Source repository: seadonggyun4/truthound-orchestration
Upstream docs path: docs/prefect/index.md
Edit upstream page: Edit in orchestration
Prefect¶
Prefect is the best fit when your team wants Python-first workflows with an optional persisted configuration boundary. Blocks handle reusable configuration, while tasks and flows handle execution ergonomics.
Who This Is For¶
- flows stay readable Python
- saved blocks make it easy to share configuration across deployments
- ephemeral paths still exist for fast local onboarding
- task helpers provide a smooth path from one-off checks to reusable flow factories
When To Use It¶
Use Prefect when:
- a team prefers Python-native orchestration over DAG or asset graphs
- the same quality logic should run both locally and in managed deployments
- configuration should start ephemeral and later move into saved blocks
- retries, caching, concurrency, and deployments should stay in Prefect's control plane
Prerequisites¶
truthound-orchestration[prefect]installed- a supported Prefect/Python tuple
- a data source shape supported by the shared runtime
Minimal Quickstart¶
Install the supported Prefect surface:
Then start with an ephemeral task-based flow:
from prefect import flow
from truthound_prefect.tasks import data_quality_check_task
@flow
async def validate_users(data):
return await data_quality_check_task(
data,
rules=[{"column": "id", "type": "not_null"}],
)
If you omit a block, Prefect creates an in-memory Truthound-backed block for the run.
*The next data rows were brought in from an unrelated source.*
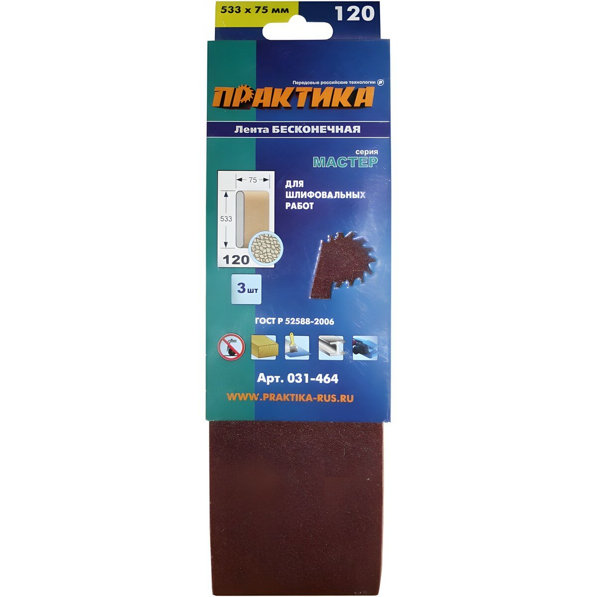 Шлифовальная лента ПРАКТИКА 031-464 75х533мм, p120, 3шт.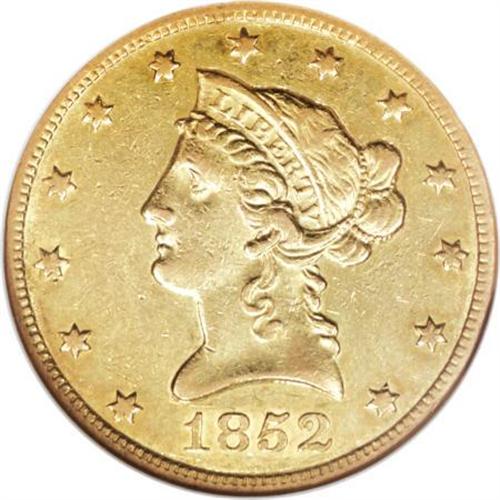 <B>1852-O $10 AU53 NGC.</B></I> The 1852-O, with a mintage of 18,000 pieces, is scarce in About Uncirculated, and virtually unobtainable in Mint State (three pieces have been certified by NGC and PCGS). This yellow-gold AU53 example displays sharp definition and relatively few marks for a piece that saw some circulation.<BR><BR><b>Shipping:</b> Coins & Currency (<a target="_blank" href="http://www.heritageauctions.com/common/shipping.php">view shipping information</a>)
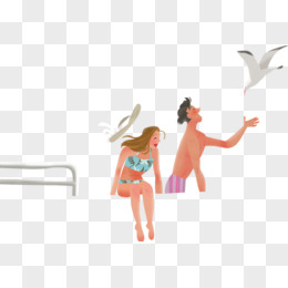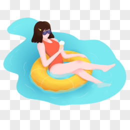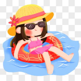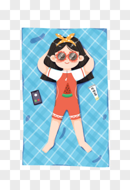 卡通手绘可爱女孩游泳晒日光浴 元素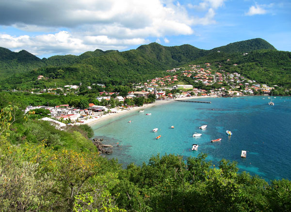 | Z vrchu jsem v dálce viděla ostrov Svaté Lucie s oběma Pitony (ty špičaté kopce vpravo). |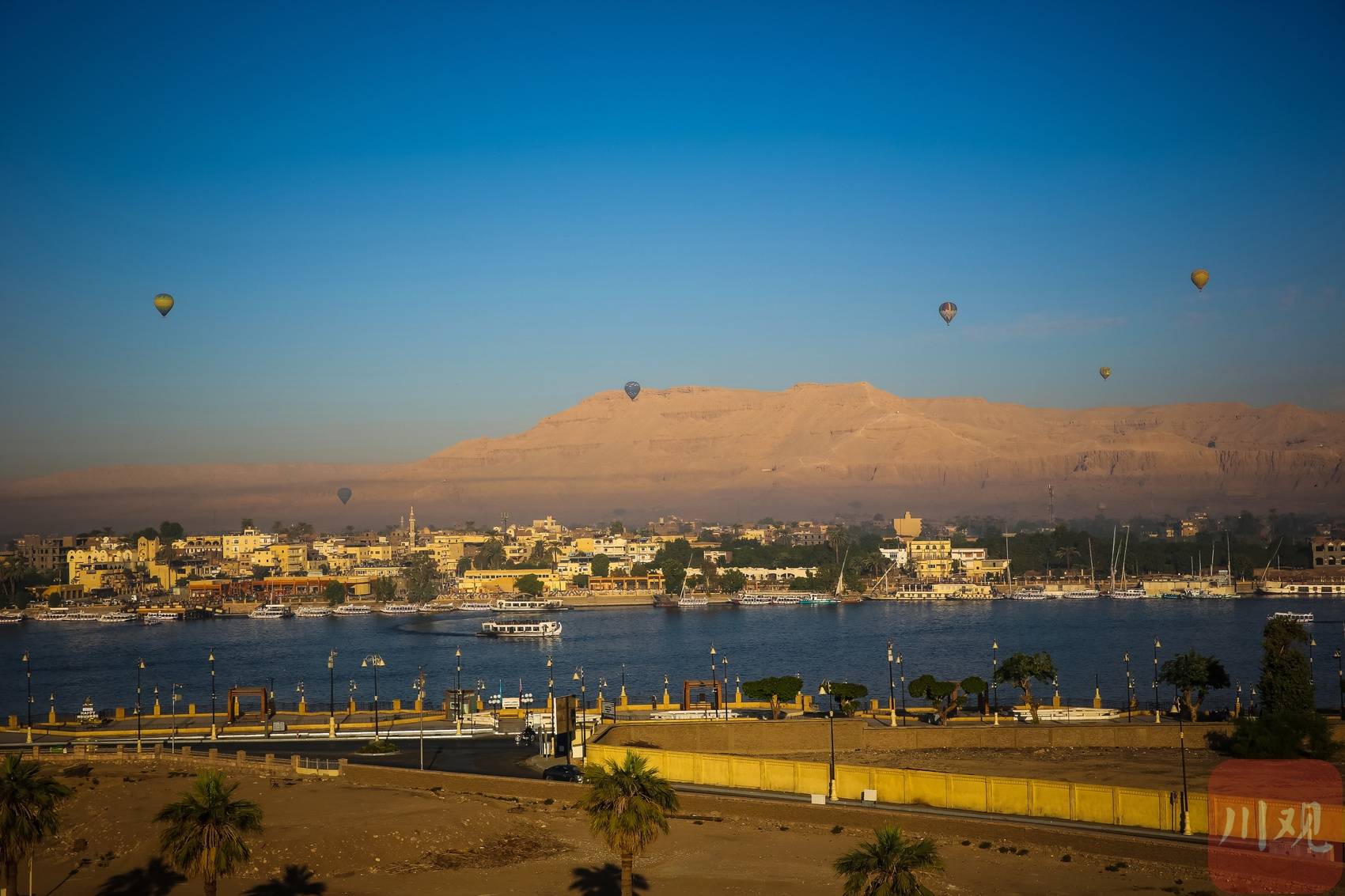 帝王谷外,游人乘坐热气球或游船在尼罗河上欣赏风景。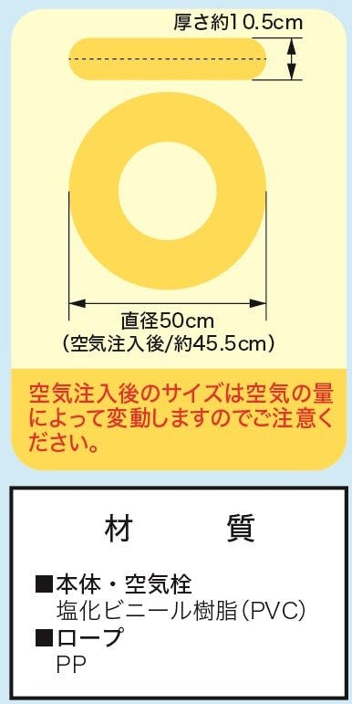 本体:50cm/本体内周(空気注入後):70~75cm/パッケージサイズ:W18×L26.5×T2cm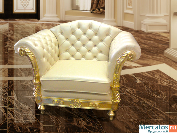 Гарнитур VERA, выполнен из массива ценных пород дерева, натуральная кожа производства Италия. В комплекте Диван и 2 кресла.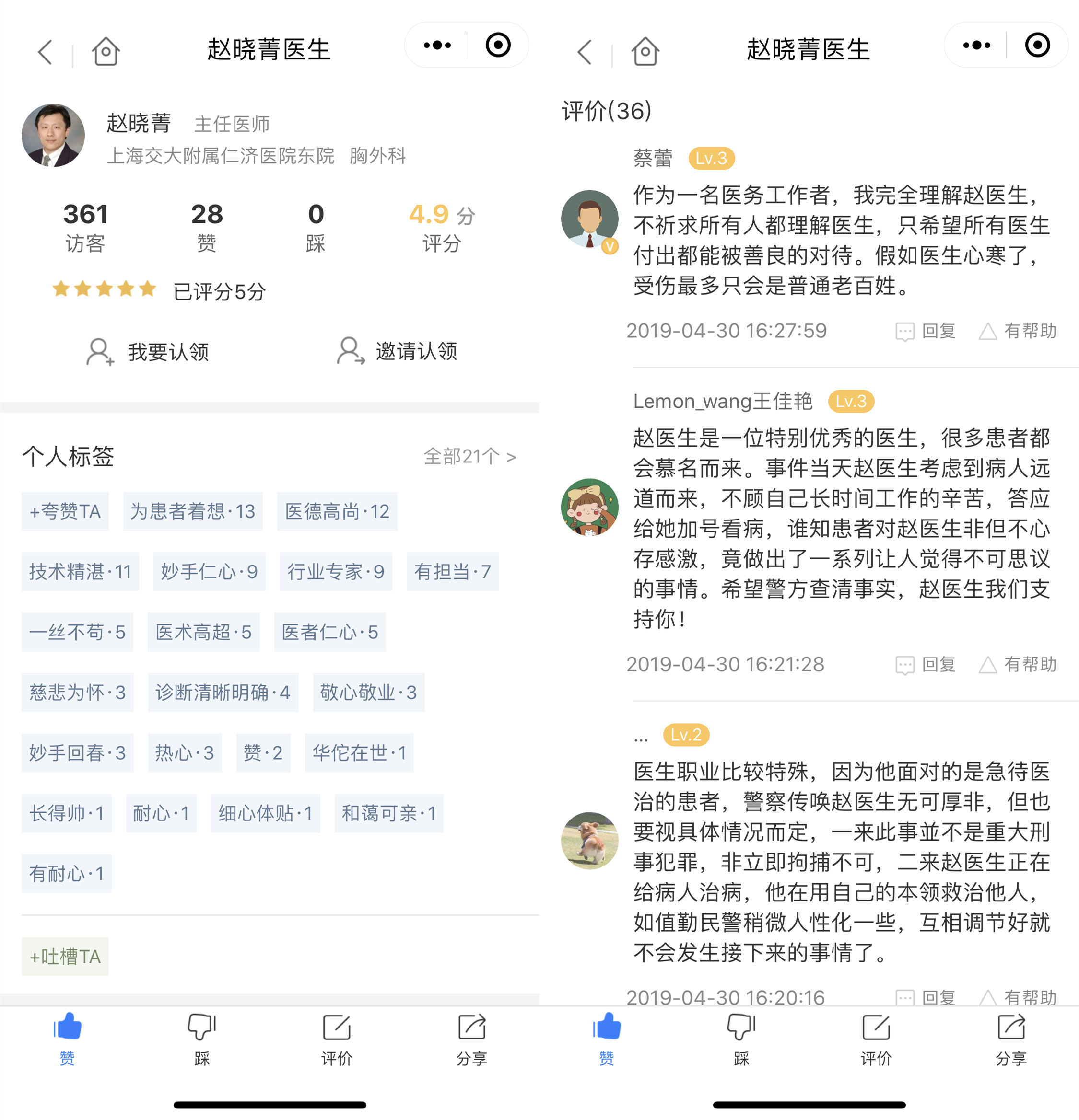 我支持仁济医院赵晓菁医生,希望所有医生都能获得应有的尊重!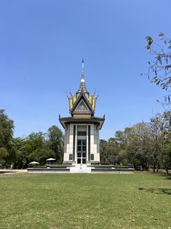207) Choeung Ek Genocidal Center, Phnom Penh, Cambodia, March 3, 2025 - It is estimated that about 20,000 people were killed and buried at this site. The entire field is filled with burial pits but only about half the site has been excavated. The remains of 8,895 were found at that time but bones, clothing, personal items and killing tools continue to be found after rain storms or as walking paths within the site wear down the ground. We saw a few different places where these items have been collected as they are found. Pieces of clothing were visible sticking up out of the dried mud at various places as we walked through the site. It is raw and sickening to experience. A few of the pits have been fenced off and have descriptions to help understand what you are seeing but at any point you look across the field and can see all the undulations that indicate just how many mass graves are at this site.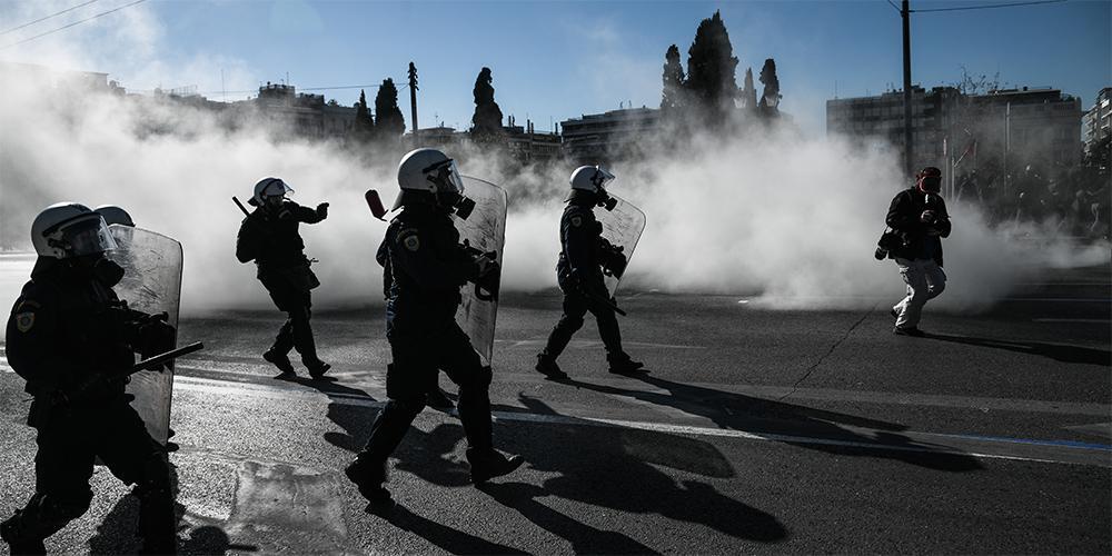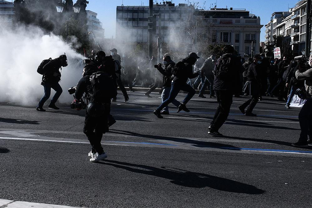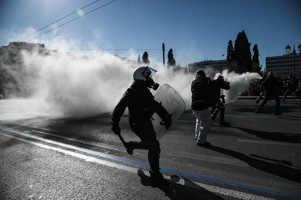 Δυνάμεις τις αστυνομίας τούς απώθησαν κάνοντας περιορισμένη χρήση χημικών και αποκλείοντας στενά για να τούς περιορίσουν και να προχωρήσουν σε προσαγωγές.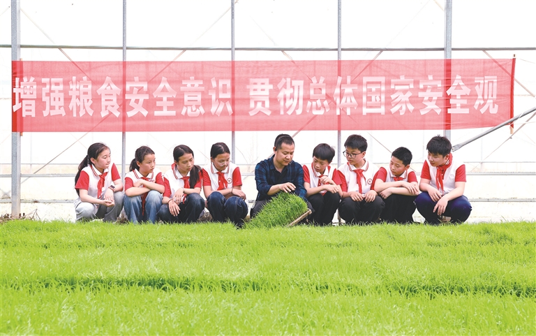 4月9日,在丰城市秀市镇佳和种植专业合作社,种粮大户雷应国向秀市中心小学的学生讲解育秧相关知识,增强学生国家安全意识和素养。王 堃摄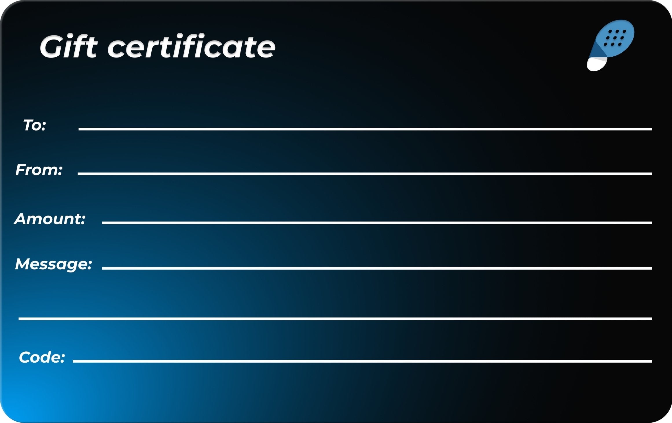 Not sure which racket, bag, or accessory to choose? A Padel Racket Gift Card is the perfect way to let them decide. From the latest rackets used by the world’s top pros to essential accessories like balls, grips, and bags, there’s something for every player at Padel Racket. How it works: Select your gift card amount, add it to your cart, and checkout. Receive the card instantly by email — either to you or directly to your recipient. For a personal touch, download our fillable PDF and print it at home. Simple. Fast. Always the right choice.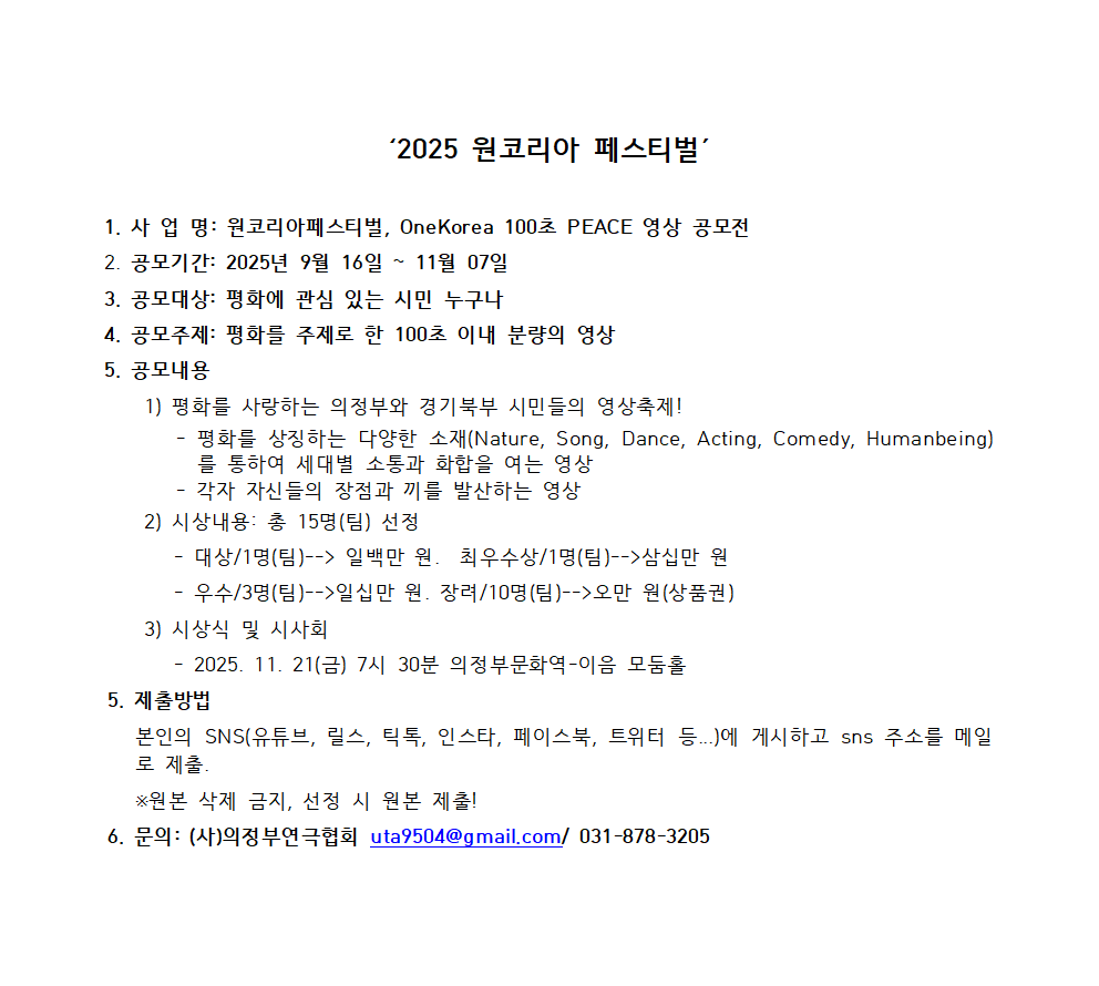 원코리아페스티벌 ‘100초 영상 공모전’ / 2025.09.16.(화) ~ 11.07.(금) 18:00 마감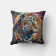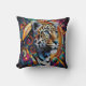 A captivating leopard design fills a Throw Pillow, blending vibrant colours and intricate patterns, perfect for adding a touch of wild elegance to bedroom decor while showcasing artistic flair.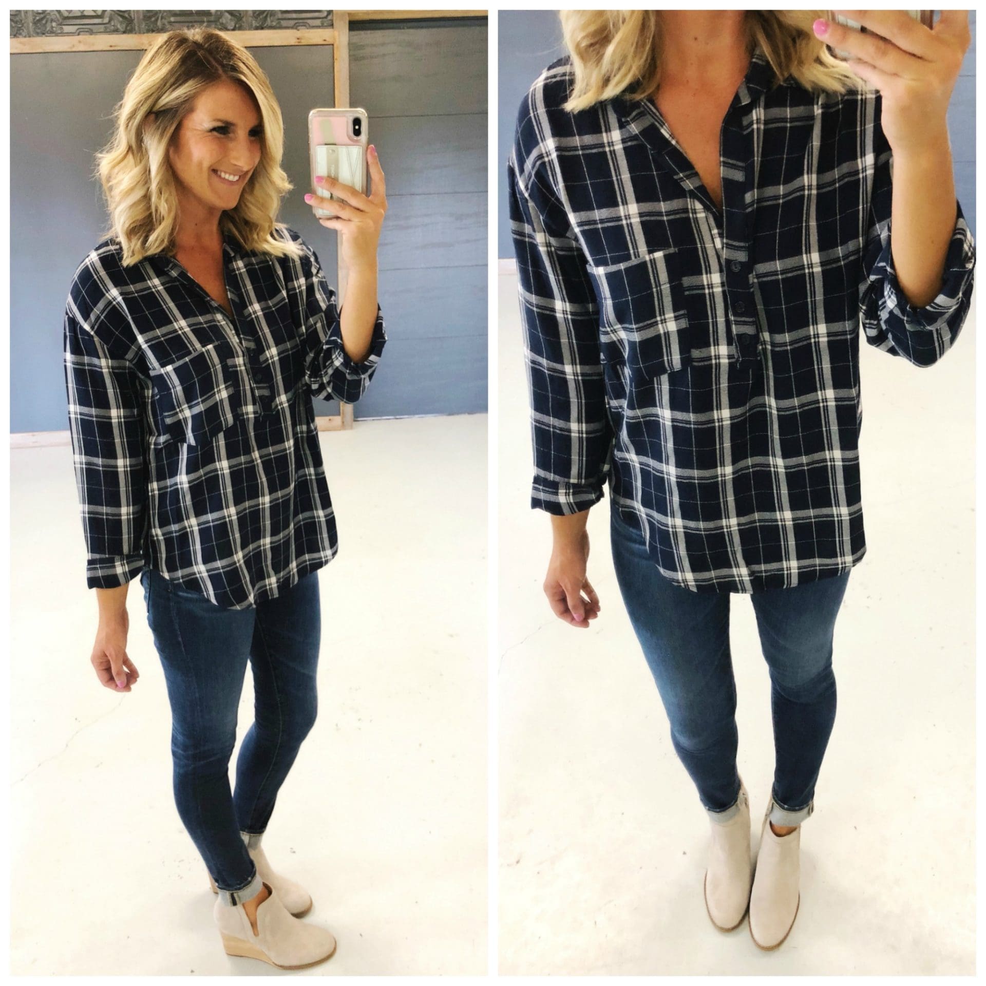 Slouchy Pocket Henley [true to size, wearing in small] I love these for layering or alone! You can tuck or leave it untucked! So soft and easy to wear!

Use a reusable flow factory when the pattern should be shared:
from truthound_prefect import QualityFlowConfig, create_quality_flow
quality_flow = create_quality_flow(
"users_quality",
cfg=QualityFlowConfig(
rules=[{"column": "id", "check": "not_null"}],
engine_name="truthound",
),
)
Saved Block Path¶
Use a saved block when the configuration should outlive one run:
from truthound_prefect.blocks import DataQualityBlock
block = DataQualityBlock(engine_name="truthound")
Decision Table¶
| Need | Recommended Prefect Surface | Why |
|---|---|---|
| quick in-code validation | task helpers | fastest path for ephemeral flows |
| shared configuration | DataQualityBlock |
persisted configuration boundary |
| reusable orchestration pattern | create_quality_flow or decorators |
consistent rollout across teams |
| reporting in the Prefect UI | artifact helpers | keeps output readable without redefining the result |
| operational thresholds | SLA helpers | separates alert policy from flow code |
Execution Lifecycle¶
flowchart LR
A["Flow or task starts"] --> B["Block or task config resolved"]
B --> C["Shared runtime resolves the source"]
C --> D["Preflight and compatibility run"]
D --> E["Engine created and operation executes"]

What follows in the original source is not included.